In her new book, The Anatomy of Treehouses: Stylish Hideaways and Retreats, author Jane Field-Lewis takes you on a tour of amazing treehouses with a peek inside these curious structures and how one lives in them.
“Treehouses give us the luxury of our own unique vantage point but safely cocoon us, too,” she writes. “High up in our treehouse world, we can experience the feeling that we are not always earthbound. The inference is that the connection is fragile and we can pull up the ladder any time we so desire—and chameleon like, camouflage or, indeed, physically isolate ourselves from a chaotic world below.” Curious? We were too. So what’s it like to live in a treehouse—or admittedly for most of these—escape to them periodically on vacation when it’s time to get away from the world? Here are the most surprising things we learned:
Treehouses Are Not Always in Trees
There are lots of things that to Field-Lewis qualify a structure as a treehouse—not least of which is that it doesn’t necessarily need to be perched up in a tree. And those environmentally conscious among us may not even want it to. “The possession of an actual tree and leafy canopy is not a prerequisite for a treehouse—free-standing structures on stilts can also perfectly assimilate its qualities,” Field-Lewis says.

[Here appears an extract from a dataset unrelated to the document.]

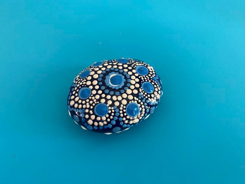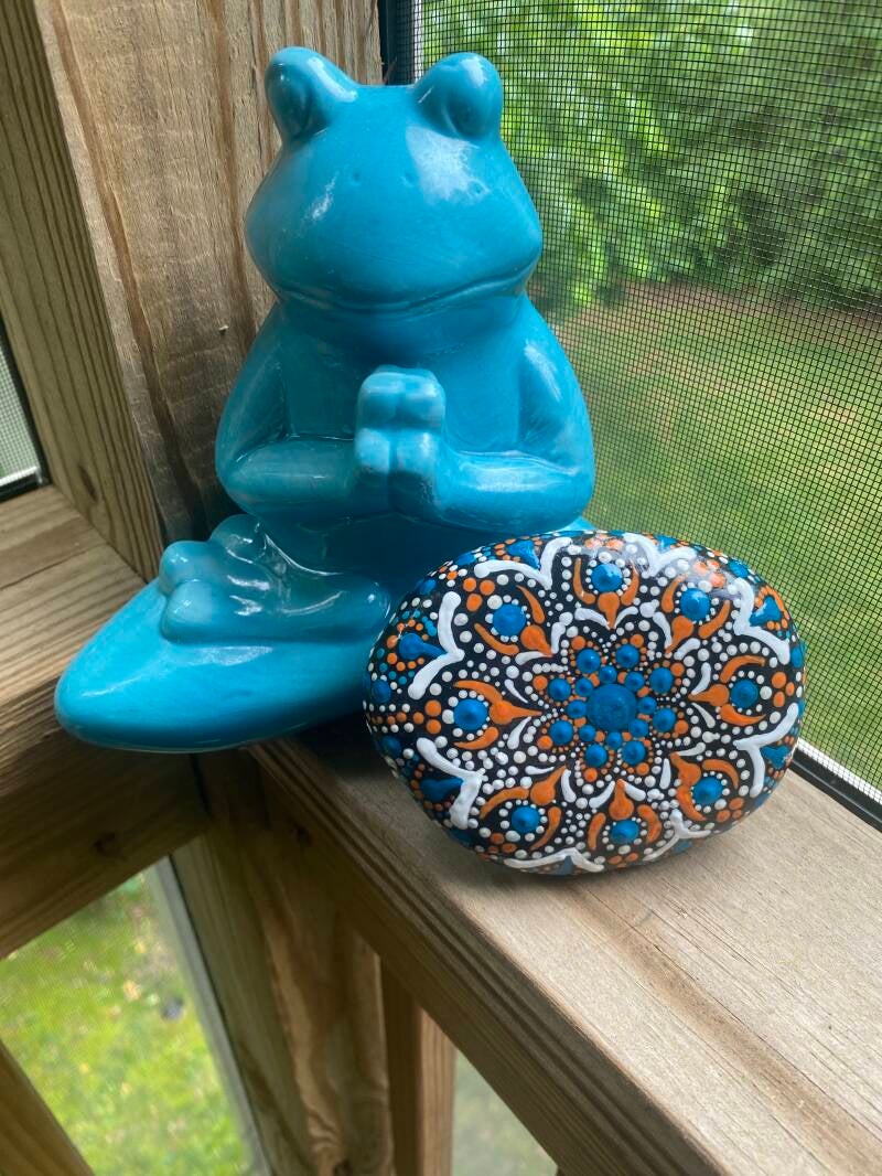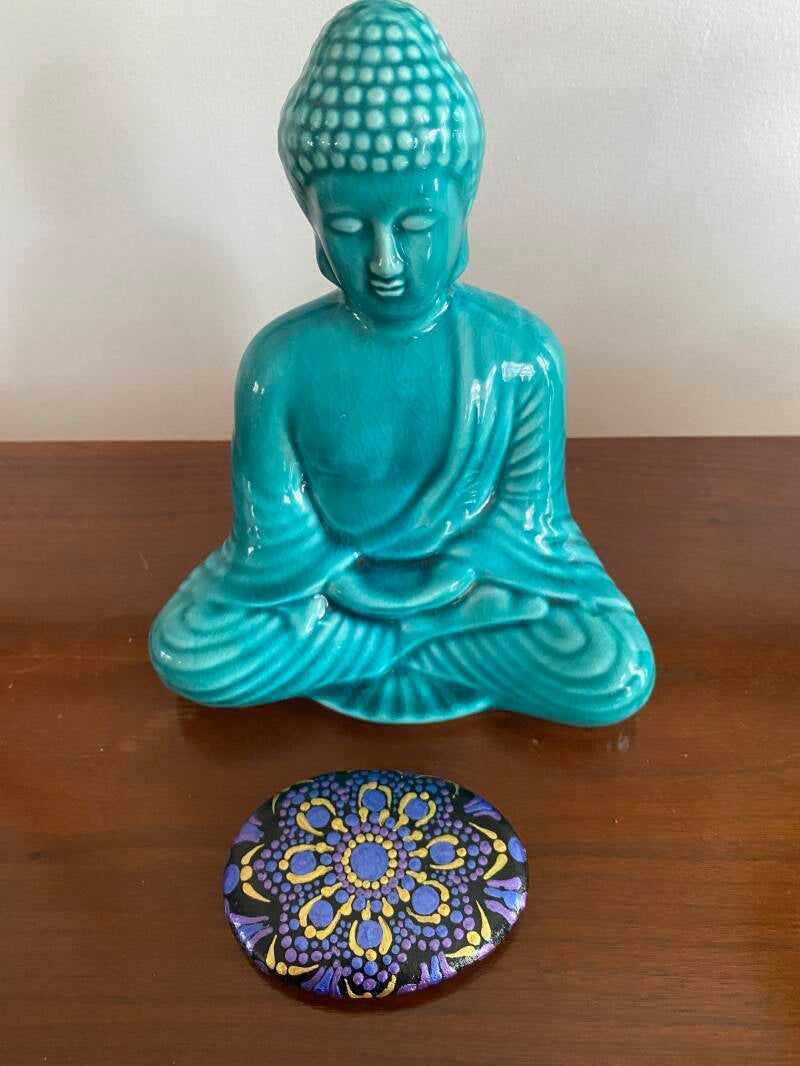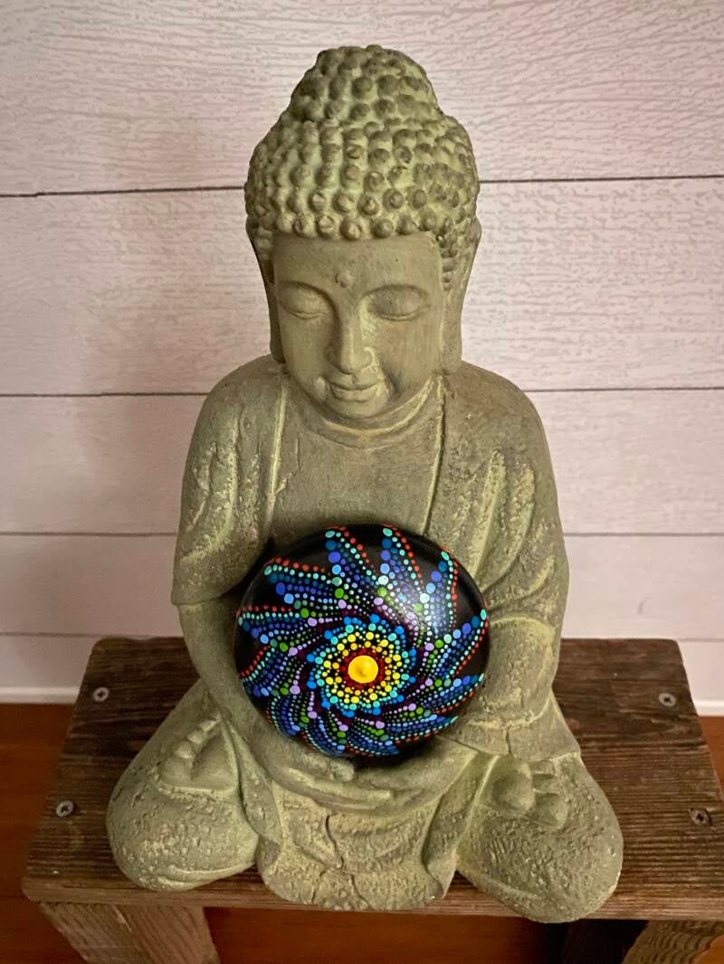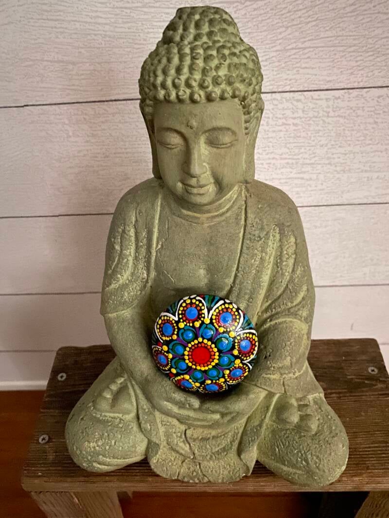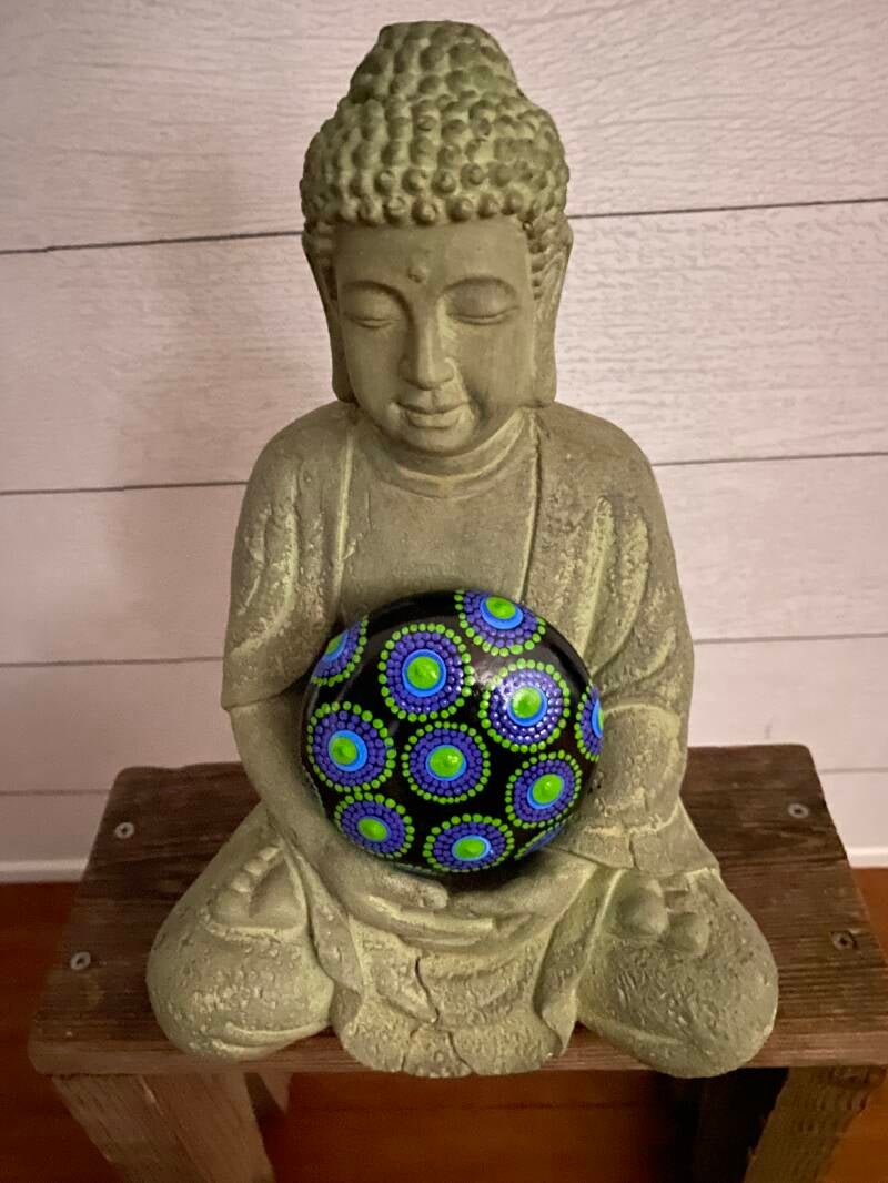 The Mandala stones always begin with a center dot that radiates to the outer edges, to complete the pattern. The Stones are great gifts for a friend and are used for paperweights. A Mandala stone is a symbol of the universe in its ideal form. Its creation signifies the transformation of a universe of suffering into one of joy. It helps, while meditating, to envision how to achieve the perfect self. It can be deeply therapeutic and used as grounding. You can also walk bare footed on the dirt or grass, for grounding.

This means that even in the most urban of areas, a small unique dwelling designed to be a respite from the surrounding environment, some that are designed to disappear into the plot of land it’s carved out for itself, can be considered a tree house. Especially if it’s drawn inspiration from the concept of traditional treehouses of our youth—meant to inspire a sense of cozy secrecy and creative inhabitation.
They Push the Boundaries of Engineering
As structures go, many of the treehouses Field-Lewis profiles are quite striking and anything but camouflaged in their settings. Lots of these innovations are born out of specifically not wanting to harm trees in their making. “In many ways, structural engineering solutions have provided satisfying environmental answers that respect the tree without necessarily welding ourselves to it and expecting it to take the strain.
You Can Fit a Surprising Amount of Amenities in a Treehouse
There are tree houses with wood-burning stoves, some with four-poster beds, some with elevated walkways obscured by the canopy of trees above. In one particularly modernist example in upstate New York, architect Anthony Gibbon has managed to include a full kitchen with concrete countertops and stairs leading to a second-story loft bedroom.
The book is a trove of imaginative and insightful dwellings, many of which you just have to see to believe. And if the idea of crafting a wildly creative and pioneering piece of design in a tiny corner of the woods ignites your imagination—you might just be compelled to join the movement.